The laptop screen on the table beside him lit up, and a browser page opened. An image loaded.
A photo. Mannequin had left a message. 3 keys, again, on the edge of the desk. BR8.
The eight, Colin supposed, was meant to stand in for a second B. ‘BRB’, an acronym used by countless denizens of the internet and innumerable cell phone texters. Be Right Back.
“Could be meant for you guys.”
“Or it could be for you.”
“He left me for dead. He couldn’t really expect I’d survive.”
Dragon didn’t reply. He thought of Mannequin. Despite the silence, despite the uncanny behavior and the dramatic self mutilation, Mannequin was a brilliant man. A man who could have looked at the resources that were available in the building, who could have figured out Colin was in touch with Dragon, done just enough damage to push him to the brink of death.
“Shit. He probably could,” Colin conceded.
He stared at the photo for several long seconds, then turned away.

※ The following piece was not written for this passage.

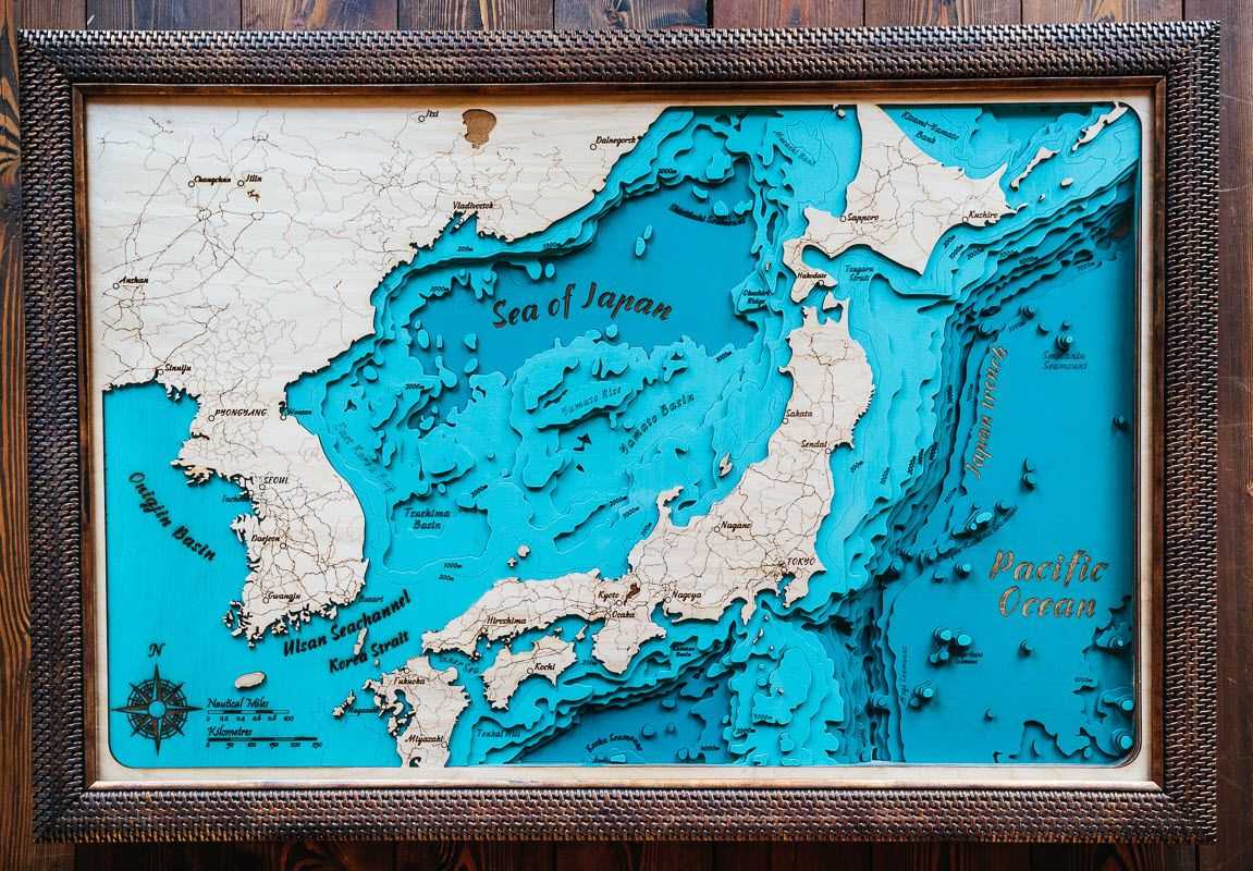Япония на карте мира расположилась на северо-западе Тихого океана. Общая протяженность береговой линии островного государства – 19,2 тыс. км. На востоке берега Японии омывает Тихий океан, на западе – Японское море, отделяющее ее от Северной и Южной Кореи и России, на юго-востоке – Восточно-Китайское море, по которому проходит граница с Китаем и Тайванем, и на севере – Охотское море, где Страна восходящего солнца граничит с Россией.
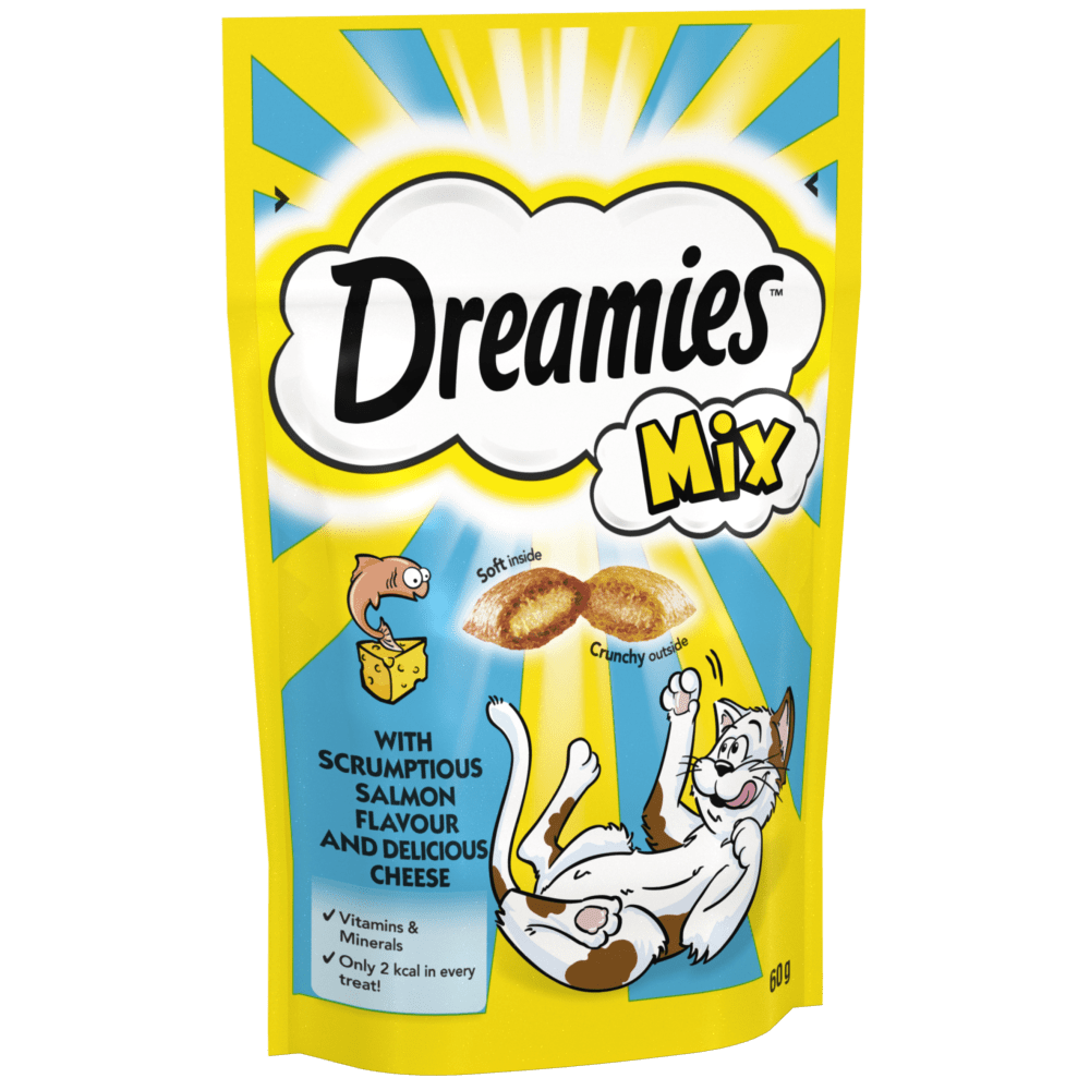 The new DREAMIES™ Mix cat treats are here to take your cat's taste experience to a whole new level of excitement! With two great flavours, Scrumptious Salmon and Delicious Cheese packed into one bag, your feline friend is in for a delightful surprise.

Hoping to inject some levity into the grim conversation, he smiled and asked her, “What was this I heard when I was passing out? ‘I need you’?”
The silence stretched on for so long that he knew he’d made some faux pas. He just wasn’t sure what. Stupid. This was the kind of thing that had cost him his position, started the dominoes falling in such a way that they’d led him to being prisoner in that room, led to him being an easy target for Mannequin, to him being here, in this bed. Never knowing what to say, or how to say it, or who to say it to.
He was about to apologize when Dragon said, “Those prosthetics I gave you? They were part of a bigger project. Something I’d intended to use for myself.”
She was a cripple? He’d known she had survived Leviathan’s attack on Newfoundland, was it such a surprise that she’d gotten hurt then? It would explain her aversion to showing her face. One of the things she’d given him was a facial prosthetic.
“I’m sorry,” he said, “I didn’t know.”
“No, it’s not that,” she paused. “There’s something you need to know about me.”